Activity:
From the line containing "The KMC Sunset" through the end of the material below, output each line exactly as written, with pictures excluded.

Information shown:
.....
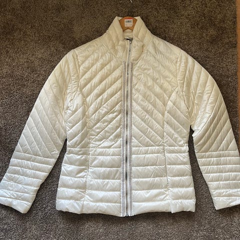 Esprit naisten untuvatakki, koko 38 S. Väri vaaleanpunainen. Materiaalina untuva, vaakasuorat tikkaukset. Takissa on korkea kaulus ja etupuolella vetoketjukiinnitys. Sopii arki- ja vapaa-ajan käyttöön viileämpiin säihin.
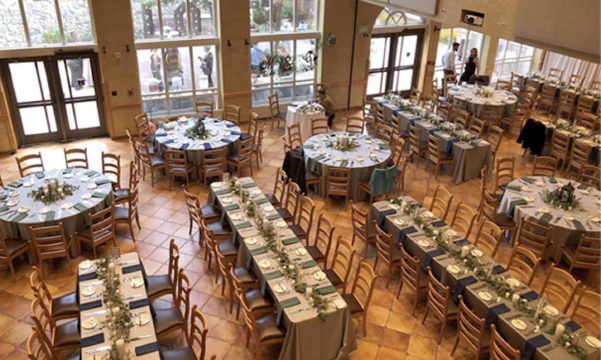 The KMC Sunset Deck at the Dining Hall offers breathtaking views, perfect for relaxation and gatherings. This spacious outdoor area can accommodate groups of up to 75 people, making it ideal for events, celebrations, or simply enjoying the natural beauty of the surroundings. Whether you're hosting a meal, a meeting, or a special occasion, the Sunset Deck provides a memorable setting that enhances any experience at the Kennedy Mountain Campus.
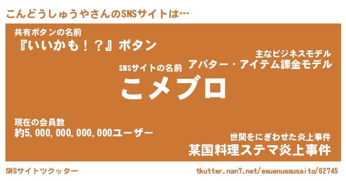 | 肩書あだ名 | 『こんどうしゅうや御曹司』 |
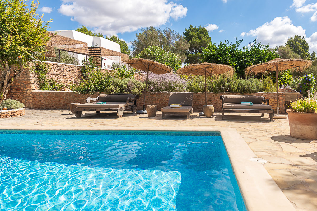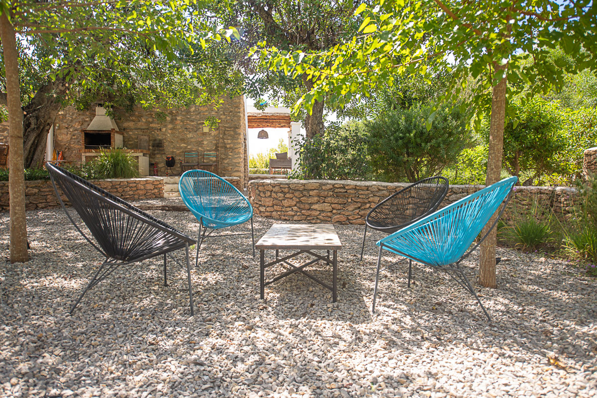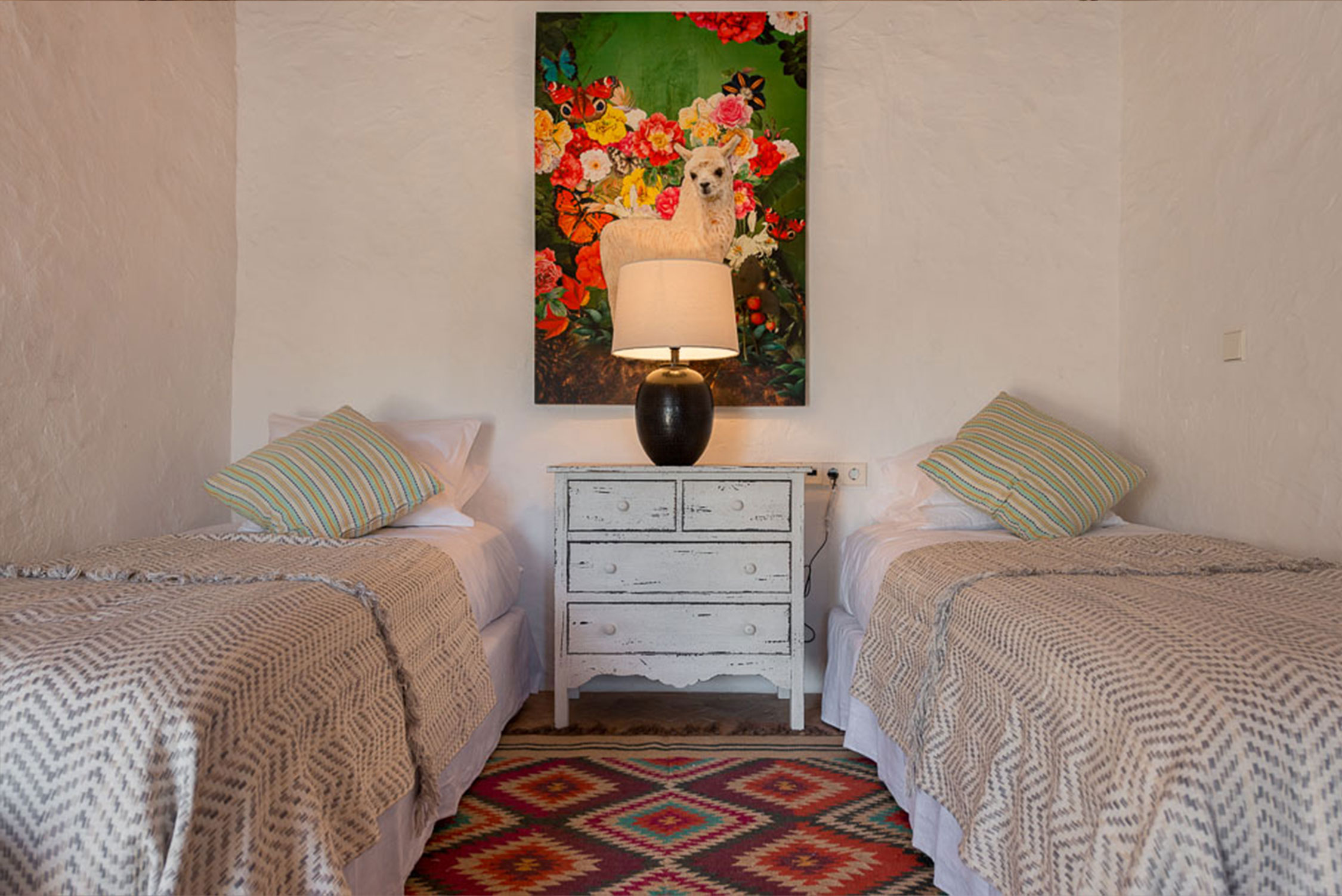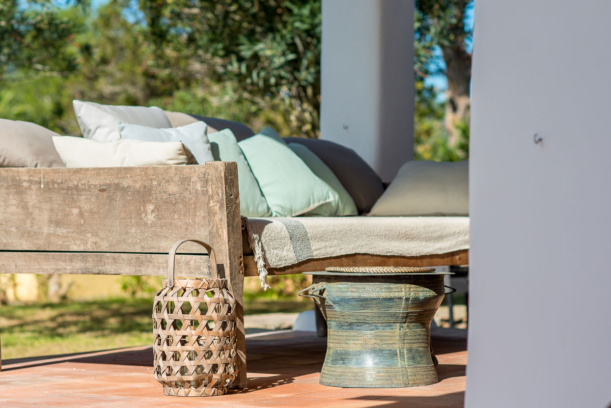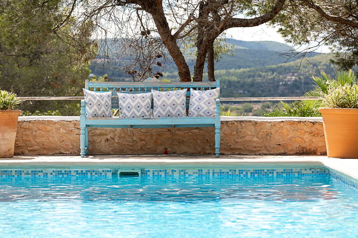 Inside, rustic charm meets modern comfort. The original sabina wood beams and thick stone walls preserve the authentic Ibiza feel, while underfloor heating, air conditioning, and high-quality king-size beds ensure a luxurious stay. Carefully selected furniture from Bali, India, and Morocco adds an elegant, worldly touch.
.....
Response area:
 The KMC Sunset Deck at the Dining Hall offers breathtaking views, perfect for relaxation and gatherings. This spacious outdoor area can accommodate groups of up to 75 people, making it ideal for events, celebrations, or simply enjoying the natural beauty of the surroundings. Whether you're hosting a meal, a meeting, or a special occasion, the Sunset Deck provides a memorable setting that enhances any experience at the Kennedy Mountain Campus.
 | 肩書あだ名 | 『こんどうしゅうや御曹司』 |
 Inside, rustic charm meets modern comfort. The original sabina wood beams and thick stone walls preserve the authentic Ibiza feel, while underfloor heating, air conditioning, and high-quality king-size beds ensure a luxurious stay. Carefully selected furniture from Bali, India, and Morocco adds an elegant, worldly touch.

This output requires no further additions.